[Start of section]

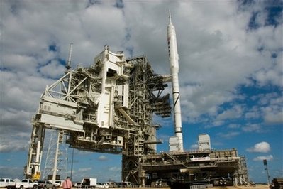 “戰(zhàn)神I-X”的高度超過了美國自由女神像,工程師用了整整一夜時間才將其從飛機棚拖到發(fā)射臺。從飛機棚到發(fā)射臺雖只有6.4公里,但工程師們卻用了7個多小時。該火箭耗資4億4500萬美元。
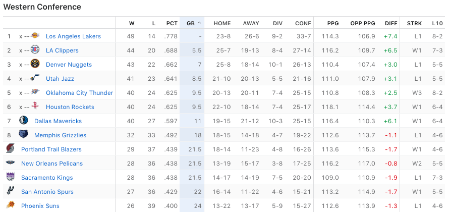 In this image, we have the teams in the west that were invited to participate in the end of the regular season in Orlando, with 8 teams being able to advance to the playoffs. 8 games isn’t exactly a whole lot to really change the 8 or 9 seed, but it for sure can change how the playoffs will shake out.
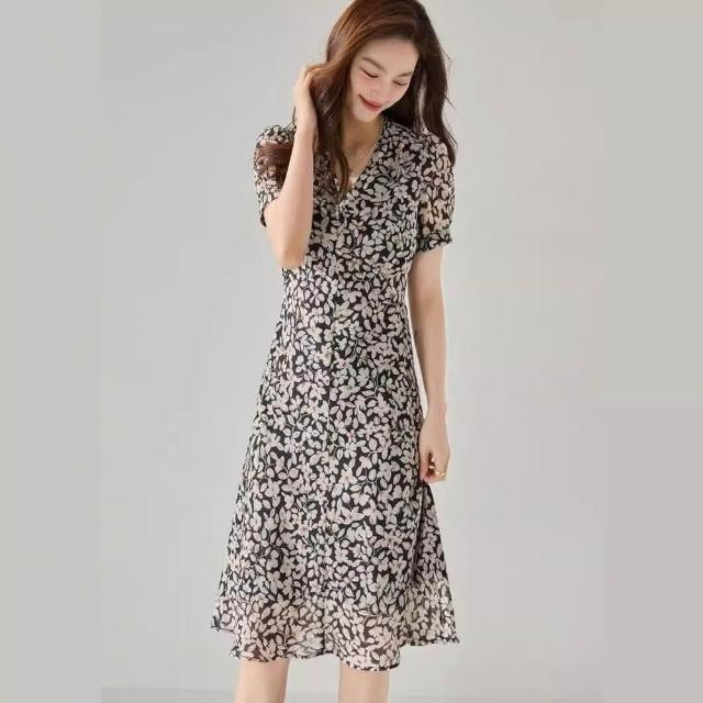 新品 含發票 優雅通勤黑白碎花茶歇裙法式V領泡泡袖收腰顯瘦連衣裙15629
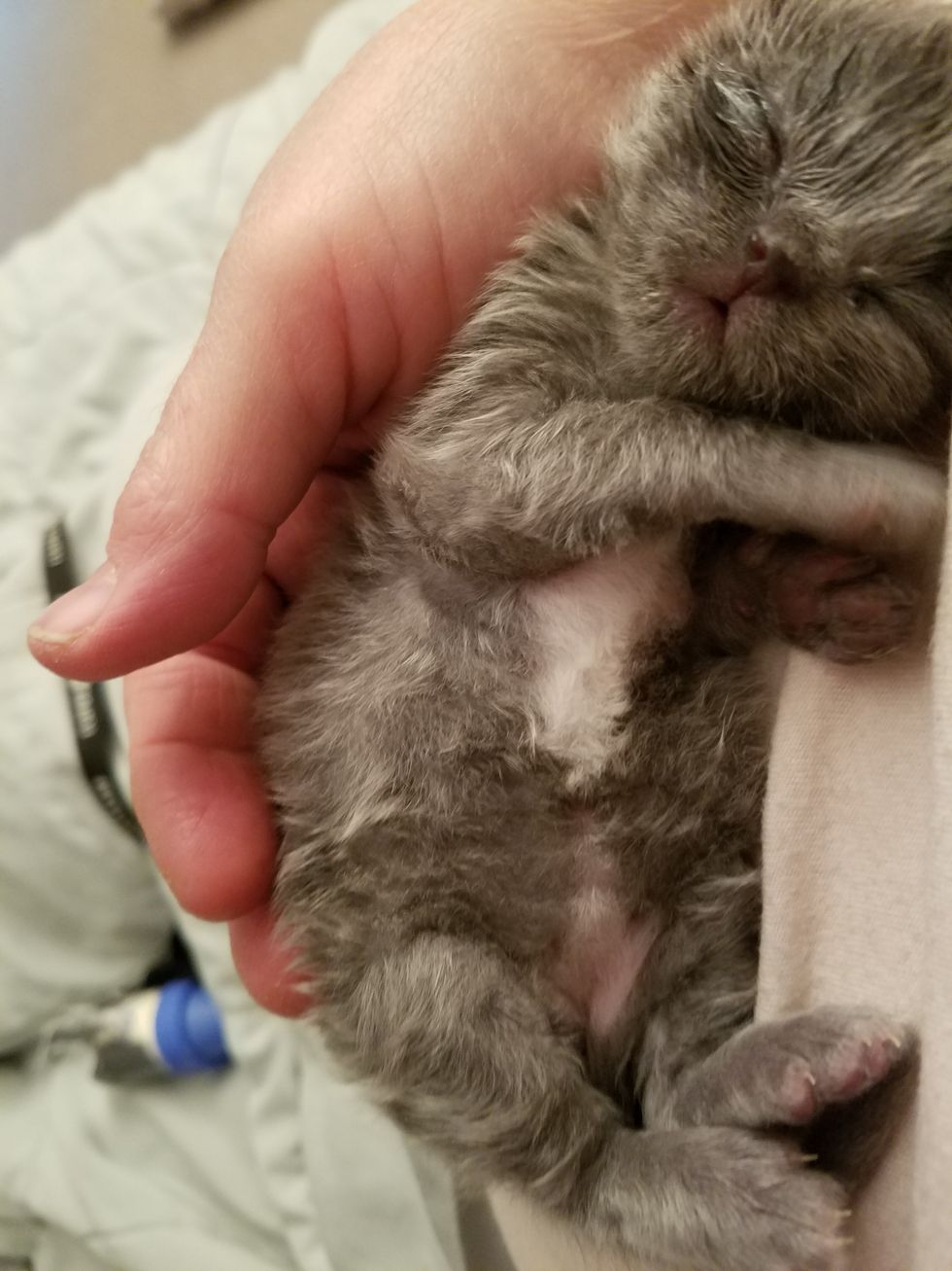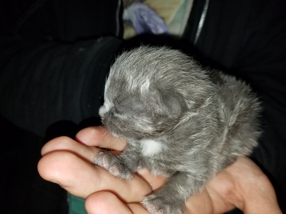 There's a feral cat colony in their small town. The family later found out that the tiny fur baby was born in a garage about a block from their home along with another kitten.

[End of section]

### TASK PROMPT
Please retype the whole listing above word for word and drop the pictures.

### WRITTEN SOLUTION
 “戰(zhàn)神I-X”的高度超過了美國自由女神像,工程師用了整整一夜時間才將其從飛機棚拖到發(fā)射臺。從飛機棚到發(fā)射臺雖只有6.4公里,但工程師們卻用了7個多小時。該火箭耗資4億4500萬美元。
 In this image, we have the teams in the west that were invited to participate in the end of the regular season in Orlando, with 8 teams being able to advance to the playoffs. 8 games isn’t exactly a whole lot to really change the 8 or 9 seed, but it for sure can change how the playoffs will shake out.
 新品 含發票 優雅通勤黑白碎花茶歇裙法式V領泡泡袖收腰顯瘦連衣裙15629
 There's a feral cat colony in their small town. The family later found out that the tiny fur baby was born in a garage about a block from their home along with another kitten.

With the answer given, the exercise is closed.